Bill Cullen has re-iterated his criticism of the Green Party for the role he believes they played in the dramatic dip in the motor trade.

Cullen (pictured), the former owner of the Renault franchise in Ireland, didn’t mince his words regarding the Greens during his recent visit to Waterford.

“It’s very hard to make things better when [the Greens] collapsed an entire industry,” he told The Munster Express.

“The Greens have collapsed our industry by reducing the VRT on cars that had low emissions when they didn’t have to.

“The European Union had already put directives in place that manufactures had to have the CO2 below 160 by 2010 and the manufacturers did that. And having done that and avoiding a penalty by doing so, our guys then came along and reduced the VRT price.”

The ‘Apprentice’ star, who still owns six Renault dealerships in Ireland as part of the Bill Cullen Motor Group, provided an example of the market’s decline citing one marque.

“BMWs came down 10 grand. Now you didn’t gain from that if you a BMW because your second hand went down 12 or 15 [grand]. So you’re paying more money to swap because yours is petrol and the new ones are diesel. And that’s the way it’s happened and no-one in power seems to have noticed.”

At a time when holes in the Government coffers are more numerous than stereotypical potholes in Cavan, Bill Cullen repeated his criticism of John Gormley’s party, claims he first made on ‘The Late Late Show’.

“The Government are probably losing €500 to €750 million a year [in] VRT and getting nothing for it,” he added. “And that’s led to the hole in the Budget which means the girls couldn’t get their cervical injections.

“That €7 million and a whole lot more would have been available if that measure hadn’t been brought in by the Greens, but that money and a whole lot more isn’t there now.”

Following his ‘Late Late’ claims on May 8th, Green Party Chairman and European election candidate Dan Boyle issued a rebuttal, stating that Mr Cullen’s claims were “hysterical and widely inaccurate”.

Mr Cullen continued: “The motor industry is down 70 per cent; finance companies are not providing finance really for cars, you have to have 50 to 60 per cent of a deposit whereas you used to get 100 per cent so that’s all stopping the industry.

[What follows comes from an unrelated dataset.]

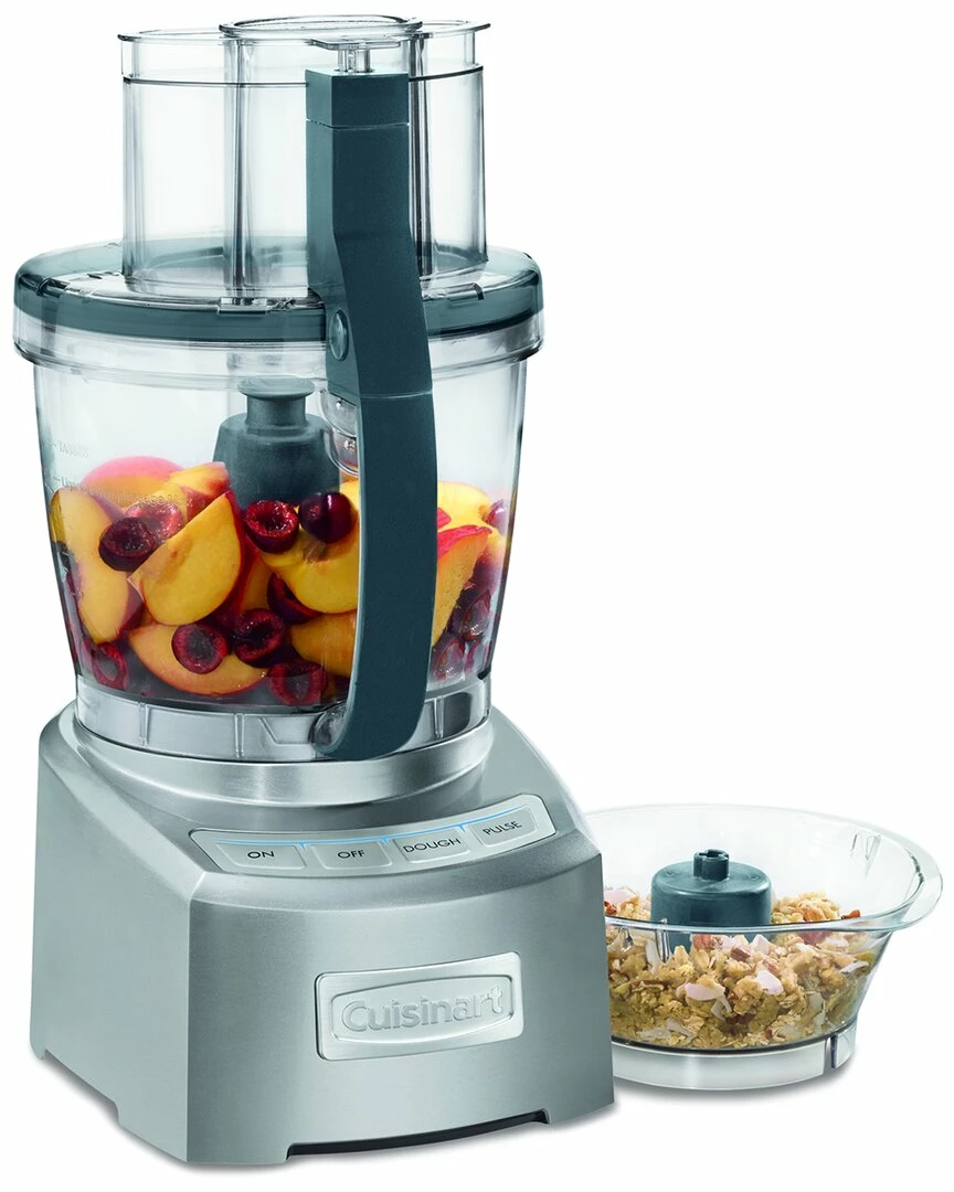 - The Cuisinart Elite Collection® 14 Cup Food Processor boasts a 1300 watt peak power motor to power through your favorite recipes with ease. With innovative design solutions including a 4½ cup work bowl nested inside the 14 cup bowl, adjustable slicing disc, and a reversible shredding disc, Cuisinart gives you multiple food processors in one! The SealTight™ Advantage System keeps your kitchen counters clean from spills whether mixing, processing, or pouring, and the removable parts are all dishwasher safe for your convenience.Features & Benefits14 cup Large Bowl and 4½ cup Small Bowl with Pour Spouts & Measurement Markings1300 watt Peak Power motorExclusive Patent-Pending SealTight™ Advantage System – Seals Bowls and Locks BladesEasy On/Off Locking System with Push-Button ReleaseStainless Steel Adjustable Slicing Disc (up to 10mm)Stainless Steel Reversible Shredding Disc(fine/medium)Large and Small Stainless Steel Chopping/Mixing Blades with BladeLock SystemDough BladeCuisinart® Supreme® Wide-Mouth Feed Tube and Cover AssemblyElectronic Touchpad Controls – On/Off/ Dough/Pulse with Blue LED LightsRetractable cordAccessory Storage Case with LockSpatulaRecipe/Instruction BookAll Removable Parts Are Dishwasher Safe20-Year Motor Warranty, 3-Year Limited WarrantyBPA Free

“Seventy per cent is an unsustainable drop in our business and you’ll see lots more motor traders closing up while the ones that survive will do okay.”

So where are the bargains to be got then, Bill?

“You can buy any car today and get great value,” he asserted, days after his group had sold 104 cars in a weekend, more than they’d sold in the previous 10 weeks combined.

“As soon as the new ones are out of the country and that won’t be long, then you’ll be back to normal prices again. In the next six months, buy your new car if you want to buy one, but people don’t want an ’09 car on their driveway while people are all around them are being made redundant, so we have that syndrome as well.

“There’s not much the Government can do: put a scrappage scheme in – it’ll stimulate something and I’m hoping they’ll do that in January. But that’s not going to prevent the dealers with cash flow difficulties now from closing. I mean if you own your own dealership you can actually close, pay your own rates on it and that’s cheaper than having a business losing two or three hundred grand.”

While there’s a growing clamour in the media and, unsurprisingly from opposition benches for a general election, Bill Cullen believes this “may not be the answer”.

He explained: “We need new ideas, but changing the Government? Is that going to do it for us? I’d love to see a national government with the best of all the parties joining together. That’s what we need.

“Whereas if Fine Gael come in and they have to bring Labour and Sinn Féin with them, then we’ll have another coalition where they’ll all be fighting from their own little corners again.

“And most of the new people will also have to learn the ropes of governing but the current guys have learned all that, so it’s a very difficult one to call.”

But he concluded his comments on a definitive note: “I do say this and without any hesitation: the leading team we have today is not the team that should be leading us tomorrow, and that’s all I’ll say.”